Jon Steinhart: "Had he done some real design work and looked at what others
were doing he might have realized that at its core, X was a distributed
database system in which operations on some of the databases have visual side-
effects. I forget the exact number, but X includes around 20 different
databases: atoms, properties, contexts, selections, keymaps, etc. each with
their own set of API calls. As a result, the X API is wide and shallow like
the Mac, and full of interesting race conditions to boot. The whole thing
could have been done with less than a dozen API calls."

To that end, one of the weirder and cooler re-implementations of NeWS was
Cogent's PIX for transputers. It was basically a NeWS-like multiprocessing
PostScript interpreter for Transputers, with Linda "tuple spaces" as an
interprocess communication primitive:

[http://ieeexplore.ieee.org/document/301904/](http://ieeexplore.ieee.org/document/301904/)
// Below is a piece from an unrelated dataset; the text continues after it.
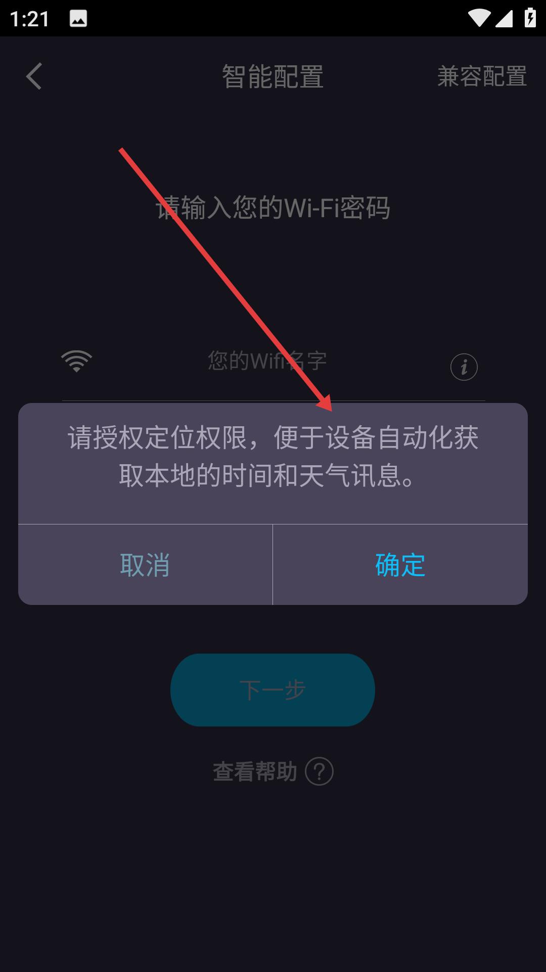 2、在我的時鐘智能配置頁面,提示需授權(quán)定位權(quán)限以獲取本地時間和天氣訊息,點擊確定按鈕進行授權(quán)。

The Cogent Research XTM is a desktop parallel computer based on the INMOS T800
transputer. Designed to expand from two to several hundred processors, the XTM
provides a transparent distributed computing environment both within a single
workstation and among a collection of workstations. Using Linda tuple spaces
as the basis for interprocess communication and synchronization, a Unix-
compatible, server-based OS was constructed. A graphic user interface is
provided by an interactive PostScript window server called PIX. All processors
see the same set of system services, and within protection limits, programs
capable of using many processors can spread out over a network of workstations
and resource servers, acquiring the services of unused processors.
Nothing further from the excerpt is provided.